The cognitive dissonance is mind-boggling, and further proof that the Tea Party is nothing more than a collection of frightened, uninformed, hypocritical, and well-manipulated people. If a Democratic governor threatened to send armed troops to enforce his "radical" ideas, he'd be pilloried by the professional Right. If Pres. Obama said that he's going to send the 101st Airborne to Texas to ensure that health care reform is enforced there, we'd hear calls for his impeachment and lynching--and not necessarily in that order. Most of the Tea Party adherents are people just like the teachers, nurses, and highway workers in Wisconsin who are fighting for their basic rights. So why aren't they out there in the streets of Madison with them?

I guess I have to ask it: Why does the Tea Party hate America?

Monday, February 14, 2011

Happy Anniversary to Uncle Clarence!

Today is the fifth anniversary of the last time that Supreme Court Justice Clarence Thomas spoke aloud during court arguments. For five years, during dozens of cases appearing before the Supreme Court, Uncle Clarence has not opened his mouth, has not asked a single question, not made any remarks, or done anything to dispel the rumor that in actuality he's a hand puppet with Antonin Scalia's hand up his ass.

NYTimes:
If he is true to form, Justice Thomas will spend the arguments as he always does: leaning back in his chair, staring at the ceiling, rubbing his eyes, whispering to Justice Stephen G. Breyer, consulting papers and looking a little irritated and a little bored. He will ask no questions.
In the past 40 years, no other justice has gone an entire term, much less five, without speaking at least once during arguments, according to Timothy R. Johnson, a professor of political science at the University of Minnesota. Justice Thomas’s epic silence on the bench is just one part of his enigmatic and contradictory persona. He is guarded in public but gregarious in private. He avoids elite universities but speaks frequently to students at regional and religious schools.
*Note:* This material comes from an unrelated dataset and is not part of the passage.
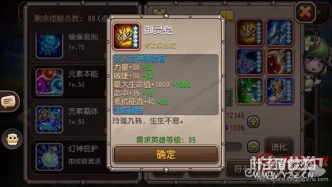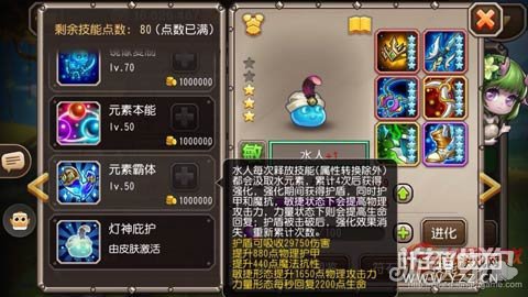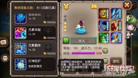 二觉技能的说明又长又臭,简单的来说就是释放除属性转换外的技能4次后,获得护盾,和护甲、魔抗的增强,绿水人增加攻击力,红水人增加生命恢复。

In those settings, he rarely dwells on legal topics but is happy to discuss a favorite movie, like “Saving Private Ryan.”

It makes people wonder; especially since 74 House Democrats have called for Thomas to recuse himself from the near-certainty that the Court will be asked to decide on the legality of the health care reform laws. Then there's the flimsy excuse Thomas offered when it was revealed that he had "failed to report his wife's income from a conservative think tank on financial disclosure forms for at least five years."

What is Thomas doing? Why is he so silent during Supreme Court sessions? How can he be willing to talk about movies, but not about issues concerning the Court and our society? Why won't he go to top universities, but restricts himself to obscure, second-rate schools? I think the answer is quite simple; he's taking Mark Twain's advice:

"Better to remain silent and be thought a fool than to speak out and remove all doubt."

Friday, February 11, 2011

Egypt

Many years ago, I met the comedian/writer/activist Dick Gregory, and I've always remembered one thing in particular that he told me: "If democracy is so great, people would steal it."

Well, it seems that that day has come at last. May God's blessing be upon the people of Egypt.